WHAT THE EXERCISE ASKS.
Take the line containing "145-50101, B 2 x end cap - metal, screw" and every line below it through the end of the entries, and output them verbatim, pictures excluded.

INFORMATION GIVEN.
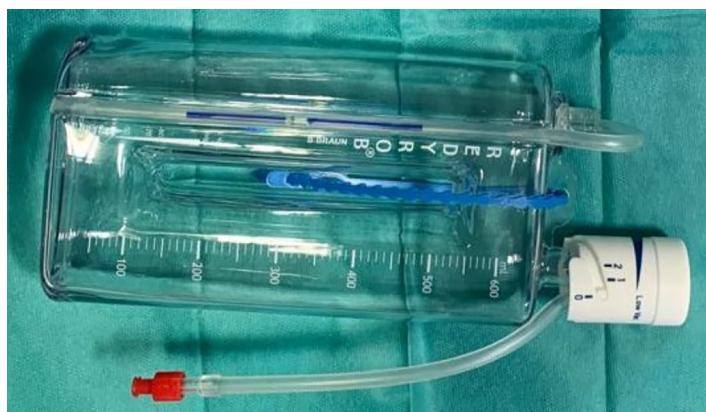
DOI: 10.3748/wjg.v28.i14.1394 Copyright © The Author(s) 2022.

Figure 1 Endo-SPONGE® kit including open-pore sponge drain (a), two silicon overtubes (b), the sponge pusher (c), and the irrigation set (d).
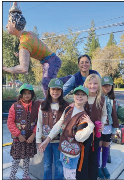
Land Park’s Girl Scout Troop 1147 is eager to plant trees and learn about the native flowers.
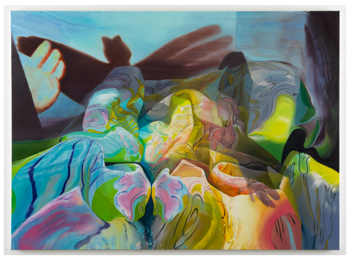
Figure 12. Our Spectral Gardens, The Shadow of Birds, 2023, oil on linen 120 x 120 cm.
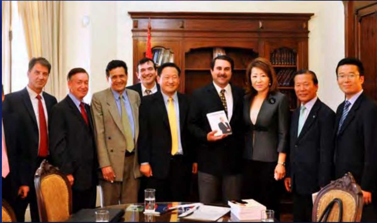
Hon. Federico Franco, Vice President of Paraguay
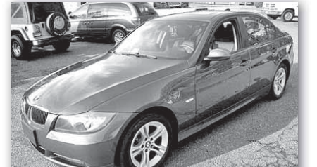
2008 BMW 328i 6 speed automatic, 3.0L Liters, 1-6 cylinders $21,995 Callao Car Center 804-529-6969 Stock Trade #1028 • www.CallaoCarCenter.com
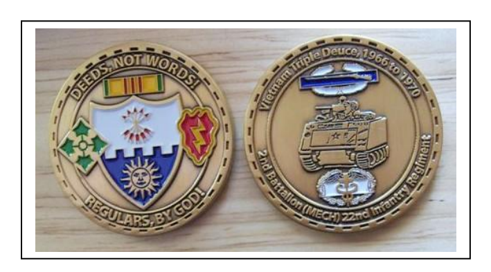
Actual size of the above coin is
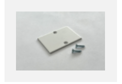
145-50101, B 2 x end cap - metal, screw
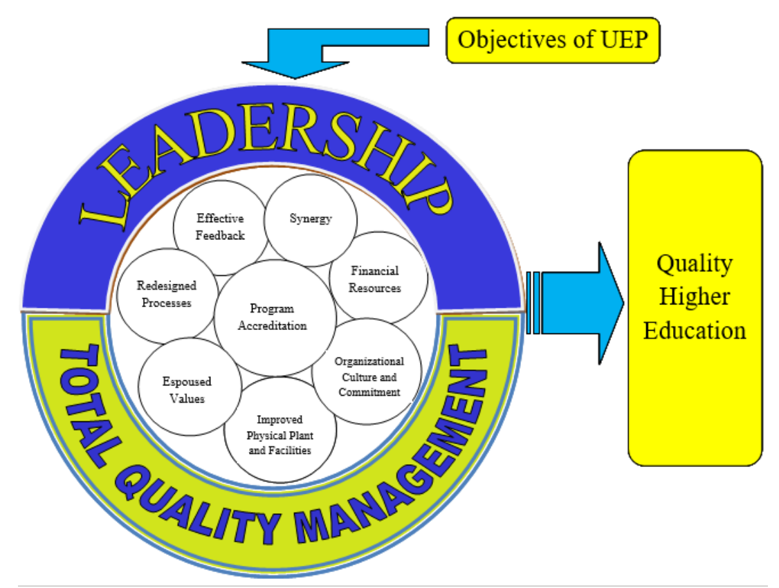
Figure 2: Model for Quality Education in the University of Eastern Philippines
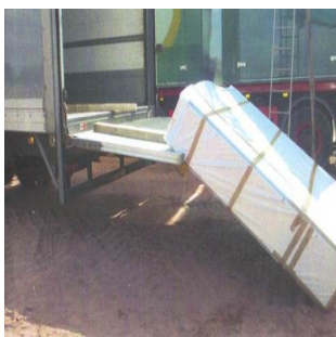
Electrical Cabinet 1

It was fortunate the injured person, who was standing near the rear of the vehicle, noticed the cabinet start to fall towards him and began to move out of the way; otherwise his injuries could have been even more severe.
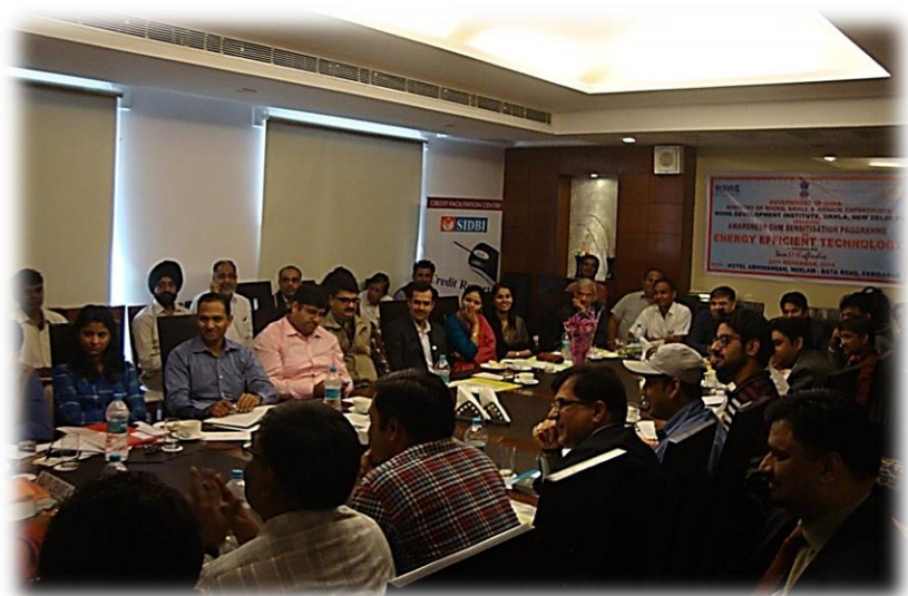
Awareness programme on EET : 04 Participants : 227 Details at Page 33
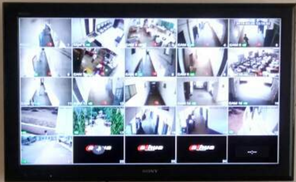
CCTV DISPLAY IN PRINCIPALS CABIN
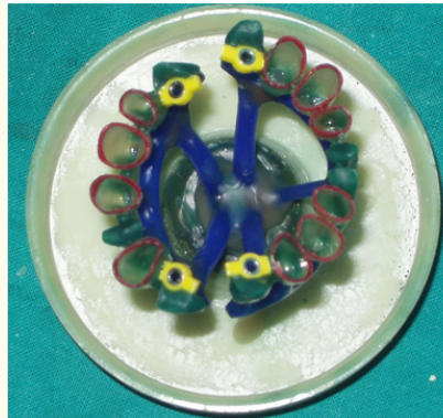
Figure 5: The wax models prepared for casting and placed on the conus.
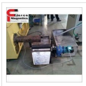
Magnetic Coolant Separator
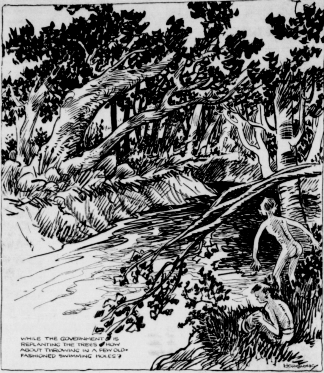
WHILE THE GOVERNMENT IS REPLANTING THE TREES HOW ABOUT THROWING IN A FEW OLD FASHIONED SWIMMING HOLES?
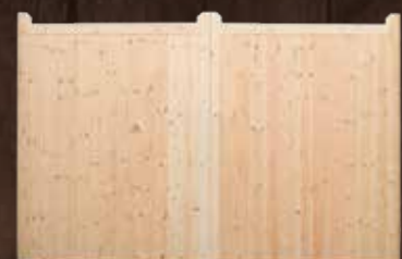
Square Top Gate

Square Top + £0.00 Omega Top + £75.00 Bow Top + £60.00 Pressure Treated Finish + £75.00

WRITTEN RESPONSE.
145-50101, B 2 x end cap - metal, screw
Figure 2: Model for Quality Education in the University of Eastern Philippines
Electrical Cabinet 1

It was fortunate the injured person, who was standing near the rear of the vehicle, noticed the cabinet start to fall towards him and began to move out of the way; otherwise his injuries could have been even more severe.
Awareness programme on EET : 04 Participants : 227 Details at Page 33
CCTV DISPLAY IN PRINCIPALS CABIN
Figure 5: The wax models prepared for casting and placed on the conus.
Magnetic Coolant Separator
WHILE THE GOVERNMENT IS REPLANTING THE TREES HOW ABOUT THROWING IN A FEW OLD FASHIONED SWIMMING HOLES?
Square Top Gate

Square Top + £0.00 Omega Top + £75.00 Bow Top + £60.00 Pressure Treated Finish + £75.00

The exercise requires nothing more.